(Source data)

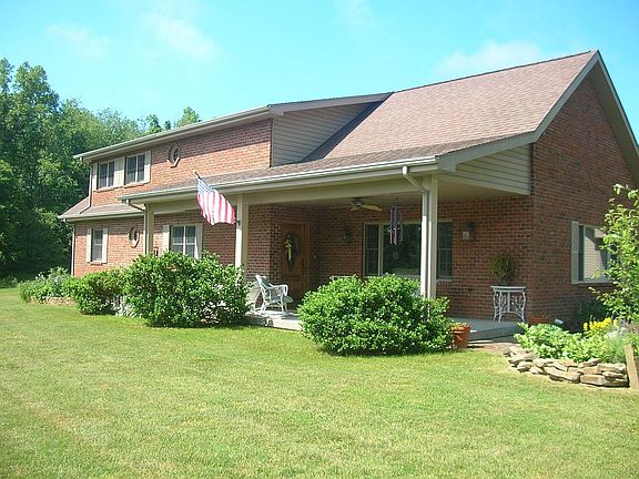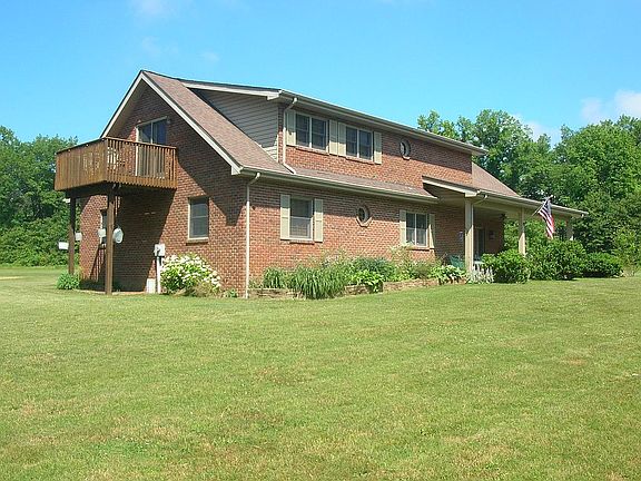 PRIVACY! Welcome to this custom designed and quality built home-just outside of Saxonburg- with a flowing open floor plan, situated on almost 8 acres of level, tree lined privacy- approximately 600' from the main road! The country sized eat in kitchen features Kraft Maid cabinets, Corian counters, 3 large pantry closets and flows into the expansive living room with a vaulted beamed ceiling, recessed lighting, french doors to the rear deck/pergola and oversized windows- allowing for great views and natural lighting. There are two 1st floor bedrooms and a den/office with 3 walls of custom made book shelves. The wide stair case leads to the 2nd floor Master Suite with double walk in closets, ensuite, private 10x8 balcony and 12x6 loft overlooking the main floor. Oak 5 panel doors, plaster walls and loads of storage! The basement is huge-1800 sq'- dry-endless possibilities! The 3 car detached gagrage has a 2nd floor 12x40 walkable storage space . Low utilities and taxes! A rare find!
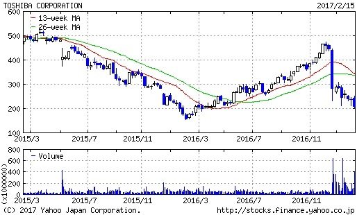 決算延期という異例の事態が明らかになった翌日、2017年2月15日の東芝(6502)の株価は前日比▲9%安と大幅安で引けました。2016年12月末に米原子力事業の巨額減損リスクを突如公表した時から比べると、株価は半分以下に下落、時価総額も約1兆円強が失われています。
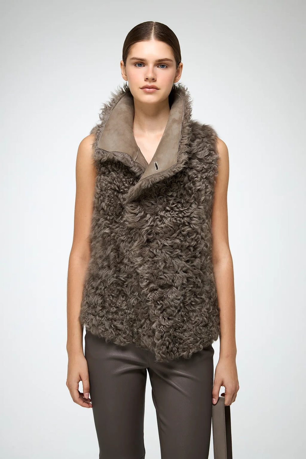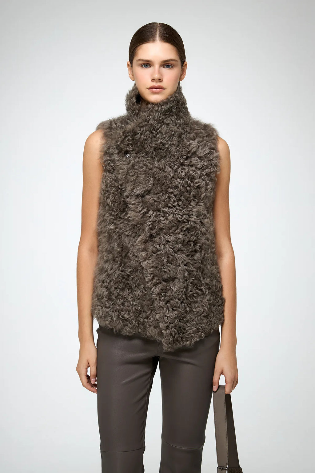 Hüftlange, kurze Shearling-Weste mit asymmetrischem Überkreuzmuster vorne. Stehkragen. Kastenförmiger Schnitt.
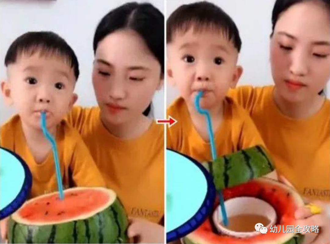 一整个西瓜掏空了,然后把药碗放进去,插上吸管再来一个掩盖,简直是完美地哄孩子喝药的必备之选啊。
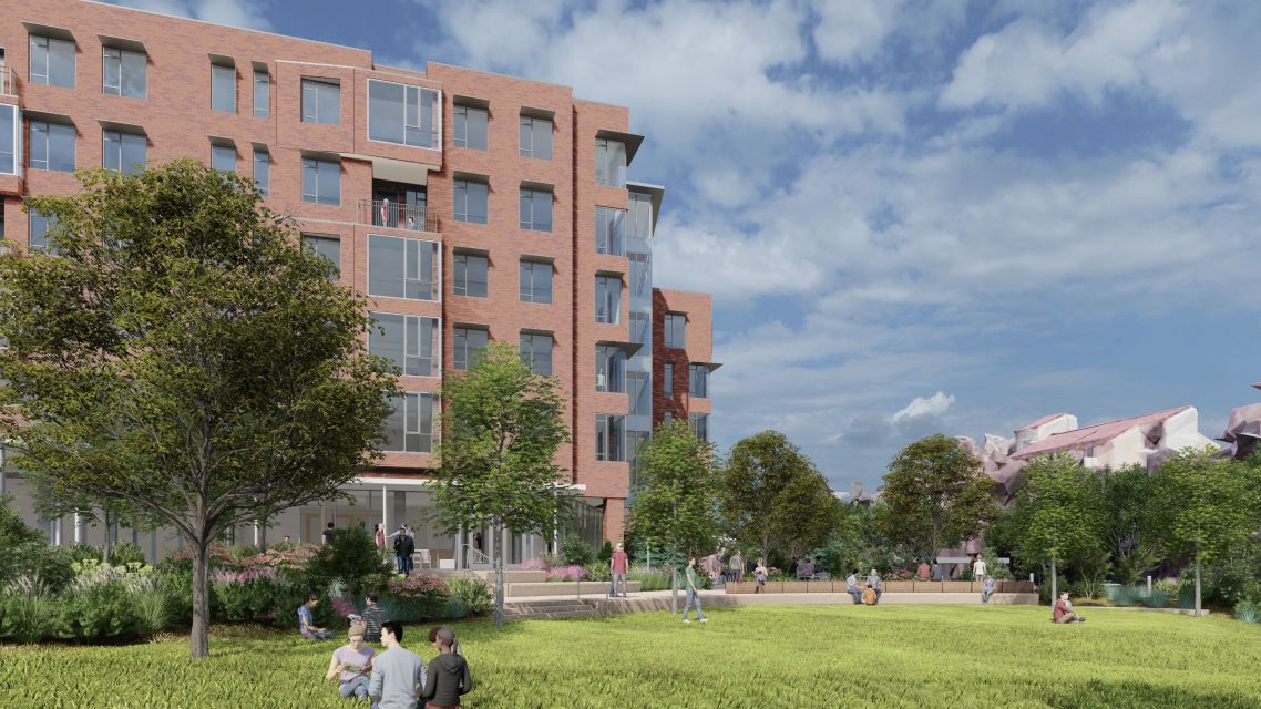 Bohlin Cywinski Jackson, in association with Anderson Mason Dale, is working with the University of Colorado Boulder (CU) to design its newest residential building. Initially identified in CU’s North Boulder Creek (NBC) Campus Master Plan, Residence One will define the unique character of the district while relating to the main campus context. The facade’s variegated red brick palette will reflect existing campus buildings and complement Boulder’s iconic Flatirons––five towering sandstone peaks that serve as a natural backdrop to campus. The NBC district sits within a floodplain along Boulder Creek, which divides the area from Main Campus. The project team mitigated the impact of potential flooding with a comprehensive site strategy that raises the first floor of the building approximately eight feet above street level.
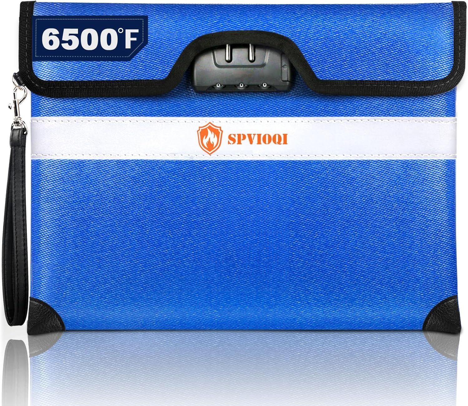 SPVIOQI 6500F Fireproof Document Bag with Lock, Upgraded 10Layer Heat Insulated, Water Resistant, Blue, Large, Rectangular, Fireproof Money Bag for Documents, Cash, Valuables
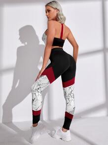 Marble Print Sports Bra & Colorblock Leggings
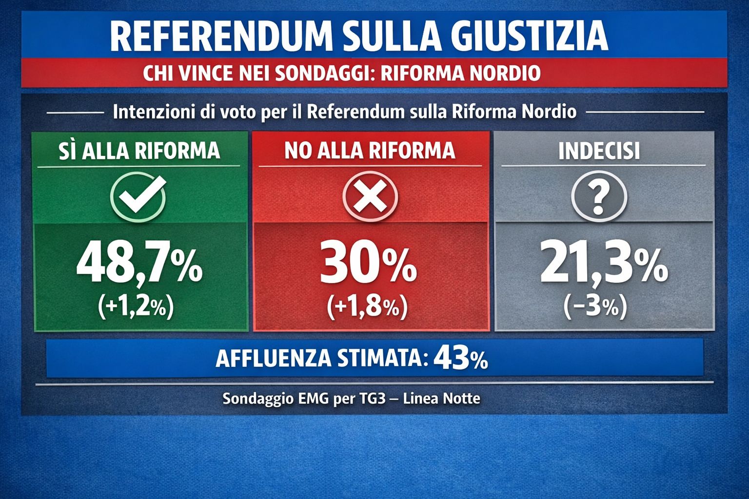 I Sì al referendum sulla giustizia, che contiene la separazione delle carriere, sono però ancora in netto vantaggio, secondo quanto rilevato giovedì dal sondaggio Emg per il Tg3 diretto da Pierluca Terzulli, che è andato in onda a Linea Notte: i favorevoli alla riforma sono infatti al 48,7% (+1,2% rispetto alla settimana precedente) mentre i No si fermano al 30% (+1,8%), con una affluenza alle urne stimata al 43%. Gli indecisi sono il 21,3%, in calo di 3 punti percentuali rispetto alla settimana precedente.
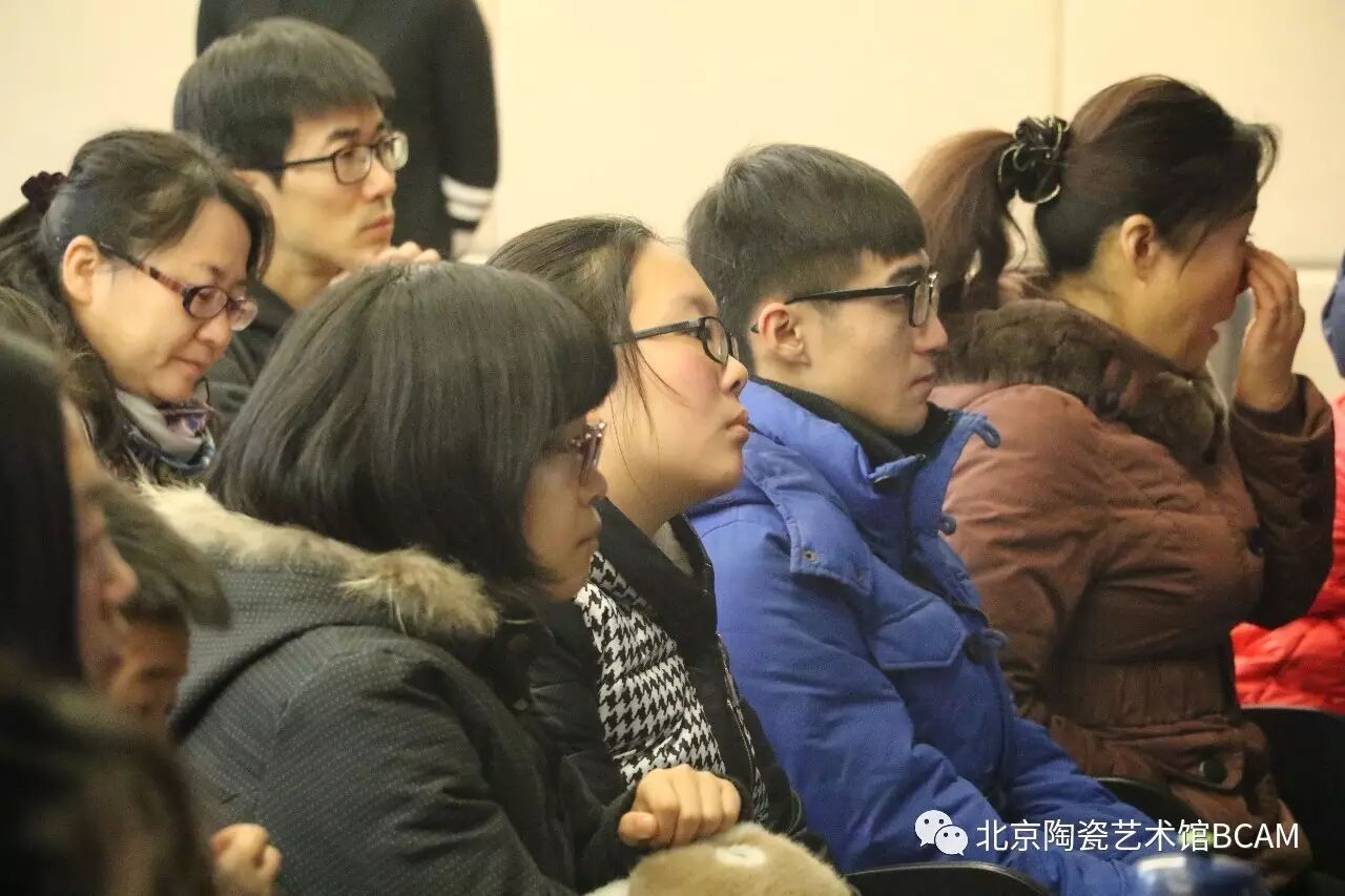 张教授以自身从事陶瓷事业的经历为轴,分享了我国几十年来陶瓷材料的变迁以及陶瓷创作中对于材料的要求。釉料作为陶艺制作的重要材料,一般都是就地取材,进而造成各产地的陶瓷特色不一,各有千秋;吕晓庄教授是陶瓷材料方面的专家,她提到,釉料的同一种配方可以烧制出多种不同的花纹,配合着大屏幕上的各式各样精美的花纹,大家发出一阵阵赞叹声。张守智教授还以水、油来比喻分相釉,以此让大家更直观的了解窑变。
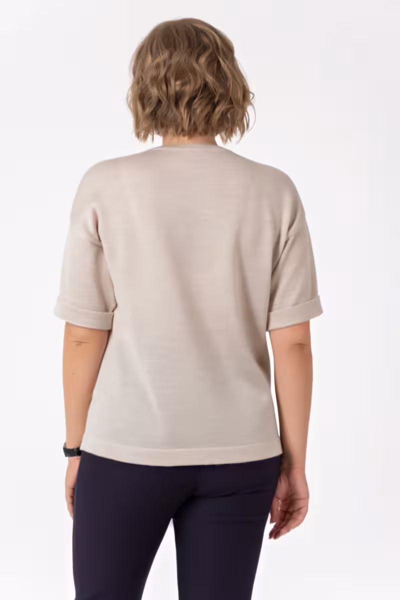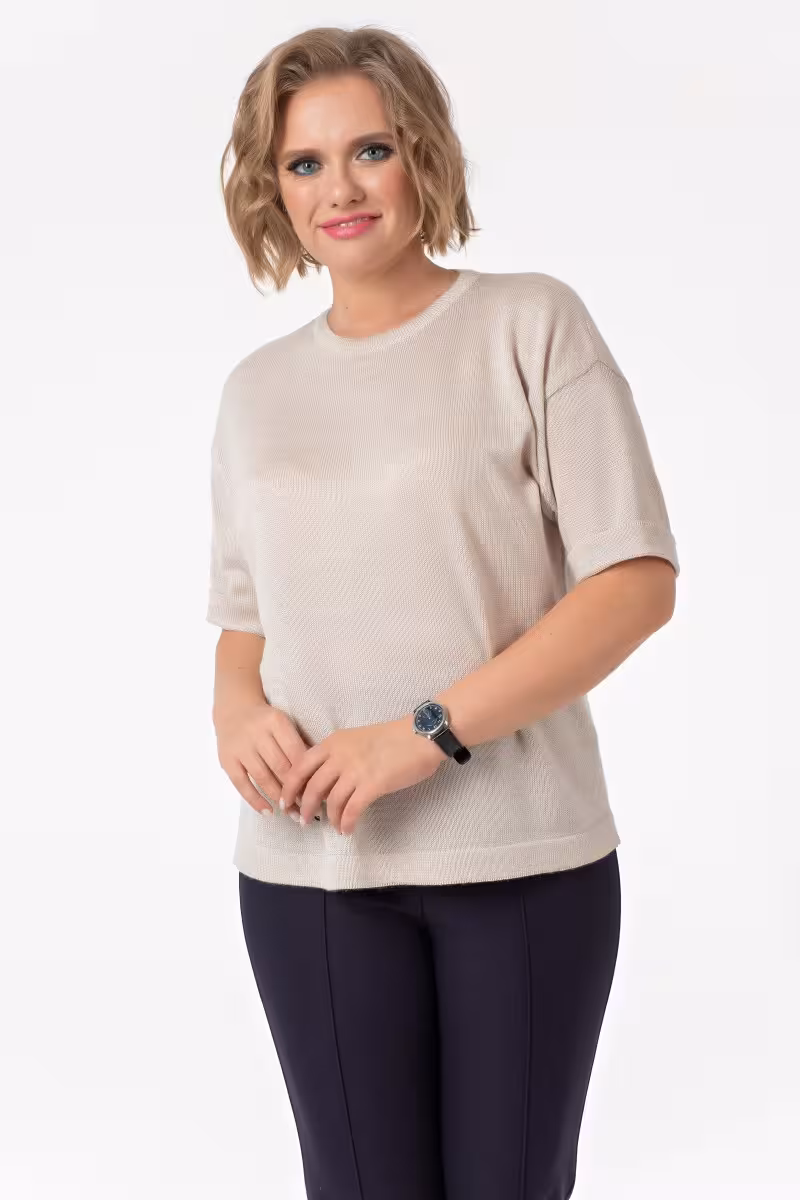 Мягкий джемпер нейтрального бежевого оттенка становится основой гардероба на межсезонье. Прямой силуэт создает непринужденную элегантность а рукава три четверти добавляют изысканности образу.

Problem to work on: Exact copy, pictures excluded: restate every record above word for word.

Solution to this problem:
 PRIVACY! Welcome to this custom designed and quality built home-just outside of Saxonburg- with a flowing open floor plan, situated on almost 8 acres of level, tree lined privacy- approximately 600' from the main road! The country sized eat in kitchen features Kraft Maid cabinets, Corian counters, 3 large pantry closets and flows into the expansive living room with a vaulted beamed ceiling, recessed lighting, french doors to the rear deck/pergola and oversized windows- allowing for great views and natural lighting. There are two 1st floor bedrooms and a den/office with 3 walls of custom made book shelves. The wide stair case leads to the 2nd floor Master Suite with double walk in closets, ensuite, private 10x8 balcony and 12x6 loft overlooking the main floor. Oak 5 panel doors, plaster walls and loads of storage! The basement is huge-1800 sq'- dry-endless possibilities! The 3 car detached gagrage has a 2nd floor 12x40 walkable storage space . Low utilities and taxes! A rare find!
 決算延期という異例の事態が明らかになった翌日、2017年2月15日の東芝(6502)の株価は前日比▲9%安と大幅安で引けました。2016年12月末に米原子力事業の巨額減損リスクを突如公表した時から比べると、株価は半分以下に下落、時価総額も約1兆円強が失われています。
 Hüftlange, kurze Shearling-Weste mit asymmetrischem Überkreuzmuster vorne. Stehkragen. Kastenförmiger Schnitt.
 一整个西瓜掏空了,然后把药碗放进去,插上吸管再来一个掩盖,简直是完美地哄孩子喝药的必备之选啊。
 Bohlin Cywinski Jackson, in association with Anderson Mason Dale, is working with the University of Colorado Boulder (CU) to design its newest residential building. Initially identified in CU’s North Boulder Creek (NBC) Campus Master Plan, Residence One will define the unique character of the district while relating to the main campus context. The facade’s variegated red brick palette will reflect existing campus buildings and complement Boulder’s iconic Flatirons––five towering sandstone peaks that serve as a natural backdrop to campus. The NBC district sits within a floodplain along Boulder Creek, which divides the area from Main Campus. The project team mitigated the impact of potential flooding with a comprehensive site strategy that raises the first floor of the building approximately eight feet above street level.
 SPVIOQI 6500F Fireproof Document Bag with Lock, Upgraded 10Layer Heat Insulated, Water Resistant, Blue, Large, Rectangular, Fireproof Money Bag for Documents, Cash, Valuables
 Marble Print Sports Bra & Colorblock Leggings
 I Sì al referendum sulla giustizia, che contiene la separazione delle carriere, sono però ancora in netto vantaggio, secondo quanto rilevato giovedì dal sondaggio Emg per il Tg3 diretto da Pierluca Terzulli, che è andato in onda a Linea Notte: i favorevoli alla riforma sono infatti al 48,7% (+1,2% rispetto alla settimana precedente) mentre i No si fermano al 30% (+1,8%), con una affluenza alle urne stimata al 43%. Gli indecisi sono il 21,3%, in calo di 3 punti percentuali rispetto alla settimana precedente.
 张教授以自身从事陶瓷事业的经历为轴,分享了我国几十年来陶瓷材料的变迁以及陶瓷创作中对于材料的要求。釉料作为陶艺制作的重要材料,一般都是就地取材,进而造成各产地的陶瓷特色不一,各有千秋;吕晓庄教授是陶瓷材料方面的专家,她提到,釉料的同一种配方可以烧制出多种不同的花纹,配合着大屏幕上的各式各样精美的花纹,大家发出一阵阵赞叹声。张守智教授还以水、油来比喻分相釉,以此让大家更直观的了解窑变。
 Мягкий джемпер нейтрального бежевого оттенка становится основой гардероба на межсезонье. Прямой силуэт создает непринужденную элегантность а рукава три четверти добавляют изысканности образу.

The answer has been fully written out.